Ocean life and strangeness are the intertwined themes of Abzu, a soulful submersion into a place of beauty, movement and color.
Abzu is also an illusion, offering the promise of free exploration while gently guiding players along a predestined path, lured along by music, light and flow.
Both games feature the enormous talents of artist Matt Nava and composer Austin Wintory. Both are third-person stories of an individual, searching for answers in a prettily organic world of shallow puzzles and deep mysteries. And both fix themselves on that part of you yearning for a sense of wonder and loveliness.

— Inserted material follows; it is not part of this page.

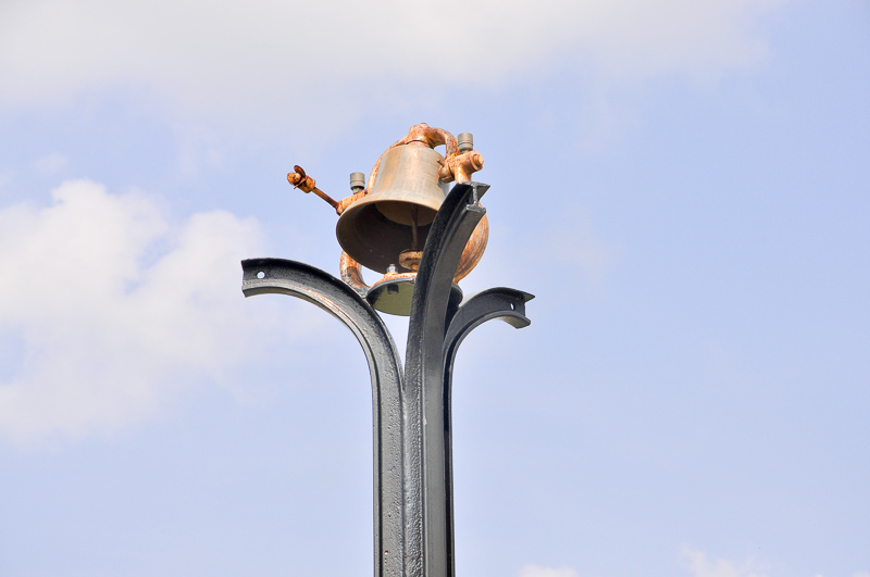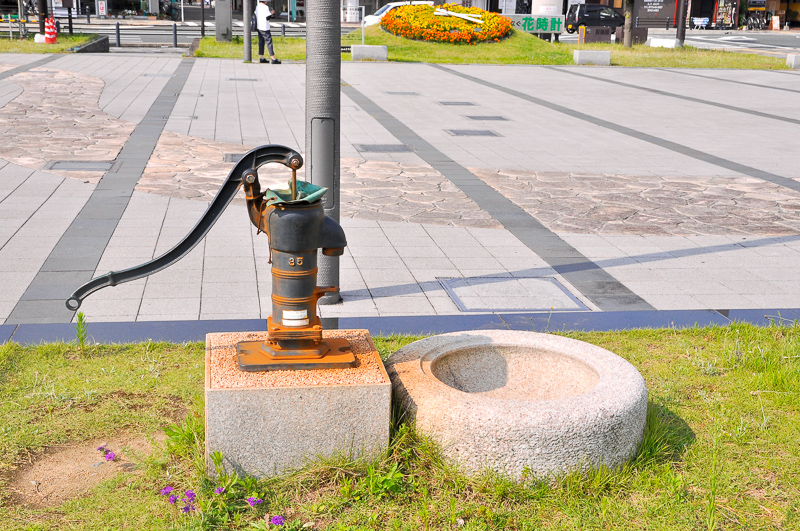 そこで北口側に抜けてみるが、鉄道系アートは見あたらない。あるのは、「福知山踊り像」「福知山名物を描いた時計塔」「花時計」「河川情報掲示板」「区画整理事業の記念碑」など。まぁそれなりのオブジェやモニュメントといったところだろう。そんな中、もうひとつ、どうにも理解不能なオブジェがひとつあったので、下に載せておこう。

But whereas Journey told its story in mostly emotive hues, Abzu attempts a more traditional narrative of loss and discovery. Unlike Journey, there are no fellow travelers to encounter along the way, no sense of other people on a shared passage. This is about one woman and the sea.
In a pre-E3 demo, publisher 505 Games offered up about 20 minutes of the game, which is likely to come in at a few hours in length. Abzu begins with a diver at sea. There are no clues as to her identity or why she is alone in an ocean. A far-away kelp forest demands exploration, and so Abzu begins, the first chords of Wintory's score accompanying us as we learn the basic controls of swimming.
The diver swishes through underwater plant-life, while following all manner of fish, turtles, sharks and sea creatures. Schools of fish move in musical shoals, parting whenever a predator appears in their midst.
"You have this almost religious, beautiful experience."
According to Nava, his development team at Santa Monica-based Giant Squid — which includes enthusiastic divers — wanted to create a realistic environment in which different species are in a constant battle to eat or be eaten.
"We’ve added a cool food chain simulation, which lets all these predatory fish eat the little guys," he explains. "So you'll see goliath groupers chase after the little guys and eat them."
At first, the developers forgot to create a self-sustaining and ecology. "Very quickly, all the fish were just eaten," laughs Nava. "But now, whenever a fish gets eaten, we teleport them behind the camera and they keep swimming over there. The population of fish in any room remains basically constant all the time."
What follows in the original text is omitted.